Visually, Clapin wanted to depict a purgatory for Elsa with rich imagery of architecture, a forest, and outer space. Which is why the film is framed with corridors. “I wanted to meld all this territory together,” he added. “And I wanted from the beginning to mix live-action and animation and have them face each other: reality and imagination.”

The hand-drawn animation (an homage to the late ’70s “Captain Future” anime series) was handled by Xilam Animation (“I Lost My Body”), run by the film’s producer Marc du Pontavice. Four sequences comprising seven minutes tell a parallel story in which Elsa views herself as an alien, done in black-and-white to contrast the live-action.

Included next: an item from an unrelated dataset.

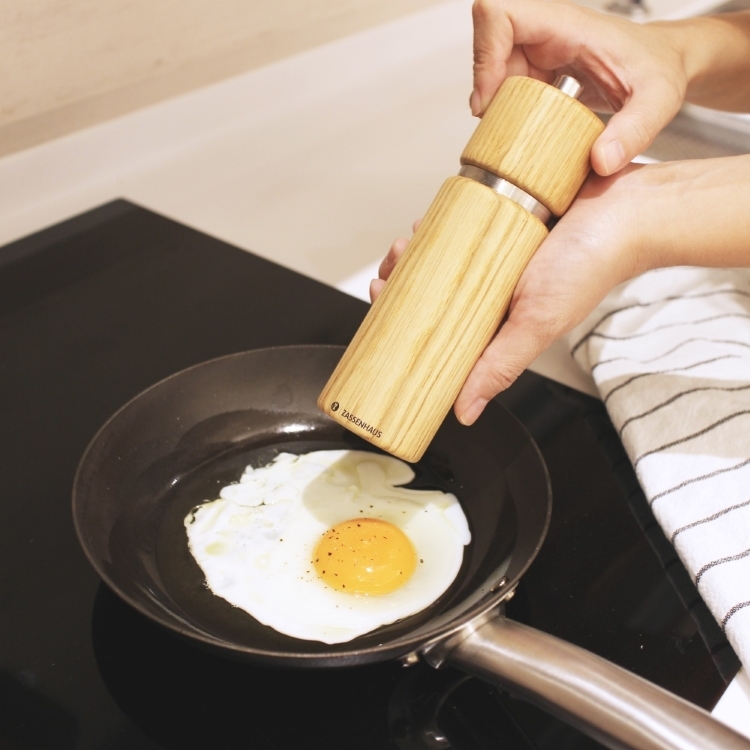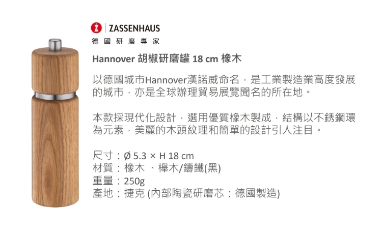 本款Hannover 胡椒研磨罐採現代化設計,選用優質橡木製成,結構以不銹鋼環為元素,美麗的木頭紋理和簡單的設計引人注目。

“I wanted the animation to be storytelling from the soul perspective, and more restricted in its framing,” said Clapin. “We see the two of them having fun flying, and then there’s one in the middle, where she talks with her brother, and then we feel like we are in a ghost spaceship, where there is only two souls, the brother and the sister. And the last part, Elsa has a choice to make and saying a kind of goodbye.”

The animation process is very intimate for Clapin: a mix of fantasy, memory, and magic. “You start with a still frame, and then you give the illusion of life by adding another one, another one,” he added. “And, actually, this is what Elsa is doing. She’s trying to keep her brother alive by imagination, drawing next to other drawings, continuing to live through animation.”

“Meanwhile on Earth” is now playing in select theaters.